Am Donnerstag, den 27.11.2008, 21:25 +0200 schrieb Pasi Kärkkäinen:
> On Thu, Nov 27, 2008 at 05:10:30PM +0100, Thomas Halinka wrote:
> > Am Samstag, den 22.11.2008, 20:19 +0400 schrieb Nicolas Ruiz:
> > > Hi all,
> > >  
> > > I'm pretty interesting study this kind of solution for my office.
> > > Following questions from Pasi, i would like to know from you, Thomas,
> > > if you are using a SAN for your cluster.
> > 
> > i build up my own SAN with mdadm, lvm und vblade.
> > 
> > > If so, what kind of data access technologies you use with.
> > 
> > ATAoverEthernet, which sends ATA-commands over Ethernet (Layer2). It's
> > something like SAN over Ethernet and much faster than iscsi, since no
> > tcp/ip is used. also failover was very tricky with iscsi....
> > 
> 
> OK. 
> 
> > 
> > >  
> > > Last question, how do you manage HA, Live migration and snapshots :
> > > owned scripts ?
> > 
> > heartbeat2 with crm and constraints and the rest is managed through
> > openqrm.
> >
> 
> Hmm.. so openqrm can take care of locking domU disks in dom0's for live
> migration? ie. making sure only single dom0 accesses domU disks at a time.. 
>  
> > >         
> > >         This is interesting. Want to tell more about your setup? CLVM?
> > >         iSCSI?
> > 
> > nope, just AoE and LVM
> > 
> > >         
> > >         What kind of physical server hardware? What kind of storage?
> > 
> > It s self-build. We had evaluated FC-SAN-Solutions, but they were slow,
> > unflexible and very expensive. We 're using Standard-Server with bonding
> > over 10Gbit-NICs
> > 
> > This setup transfers 1300 MB/s at the moment, is highly scaleable and
> > was about 70% cheaper than a FC-Solution.
> > 
> 
> Ok. 
> 
> > >         
> > >         What exact kernel and Xen versions?
> > 
> > at the moment its xen 3.2 and 2.6.18-Kernel. I am evaluating 3.3 and
> > 2.6.26 atm.
> > 
> > >         
> > >         Thanks!
> > >         
> > >         -- Pasi
> > 
> > 
> > If interested in this Setup, i could get you a overview with a small
> > abstract, what is managed where and why... you know ;)
> > 
> 
> Yeah.. picture would be nice :) 

you can get it here: http://openqrm.com/storage-cluster.png

Some words to say:

- openqrm-server has mdadm started and sees all mdX-Devices
- openqrm-server knows a vg "data" with all mdX-Devices inside
- openqrm-server exports "lvol" to the LAN
- openqrm-server provides a boot-service (pxe), which: deploys a
XEN-Image to xen_1-X and puts this ressource into a puppet-class

in this xen-image is heartbeat2 with crm and constraints implemented.
puppet only alters the config for me...

Some explanations:

- all the storage-boxes are standard-server with 4xGB-NICs, 24-SATA on
Areca Raid6 (areca is impressive, since write-performance of raid 5 =
raid 6 = raid 0).

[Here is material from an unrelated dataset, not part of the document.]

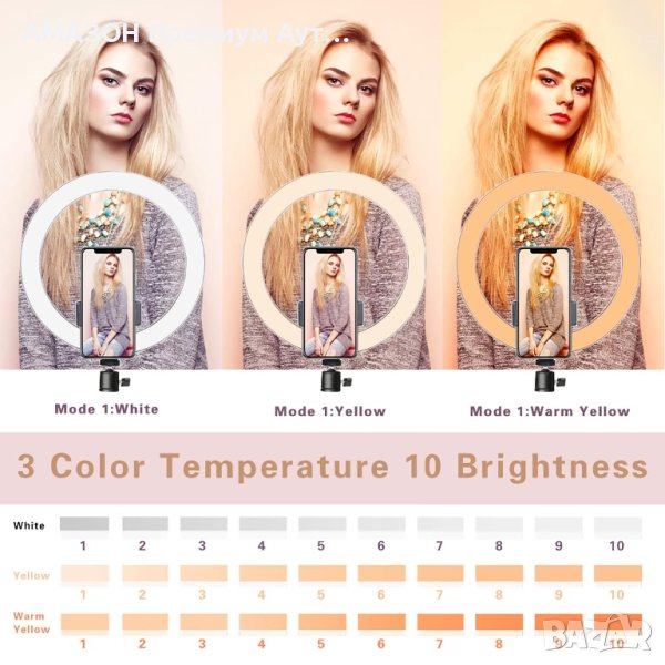 Светодиодната пръстеновидна светлина е с 3 светлинни режима и 10 регулируеми яркости по ваш избор, отговаря на всички ваши нужди при различни обстоятелства. 3 светлинни режима: бяло, топло жълто , топло жълто + бяло.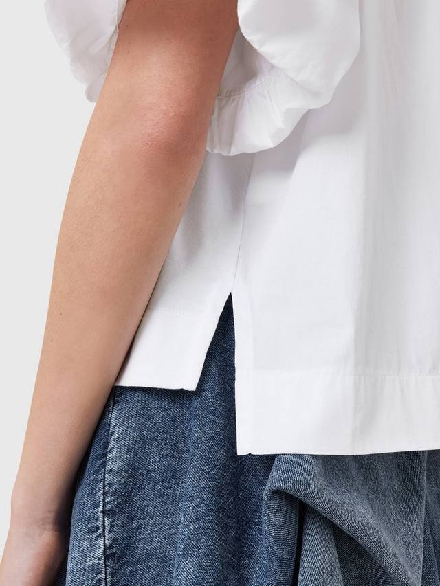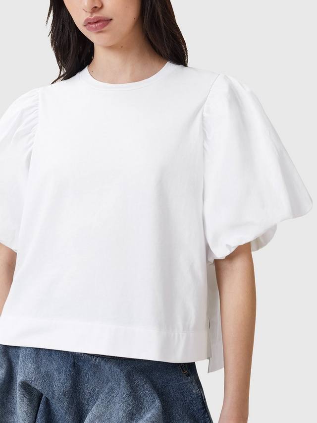 Эта футболка от AllSaints, которую можно носить как самостоятельно, так и в составе многослойного гардероба, однотонная и легко комбинируется. Простой крой, круглая горловина и короткие рукава-буфы, футболка изготовлена из мягкого и дышащего органического хлопка.

Only small OS and the rest of HDD is exported through
vblade.
- header_a und b is heartbeat v1 cluster with drbd. drbd mirrors the
data for openqrm and heartbeat does HA for openqrm
- openqrm itself is the storage-header exporting all the data from the
storage-boxes to the clients
- openqrm-boot-service deploys a xen-image and puppet-configuration to
this xen-servers.
- all xen-server see all vblades and shelfes
- xen-vms resist on aoe-blades, so snapshotting, lvextend, resize2fs is
possible online

Scalability:
Storage: go buy 3 new server, put a bunch of harddisk inside, install
linux, install vblade and fire them. on the openqrm-server you only have
to create a new-md and extend the volume-group
Performance: buy a new Server and let him pxe-boot, create a new
appliance and watch your server rebooting, starting xen and
participating the cluster.

We Started the Cluster with about 110 GB-Storage - at the moment we have
about 430 GB Data and have to extend up to 1,2 PB in Summer 2009, which
is no problem.


No - go and search for a SAN-Solution like this and ask for the price ;)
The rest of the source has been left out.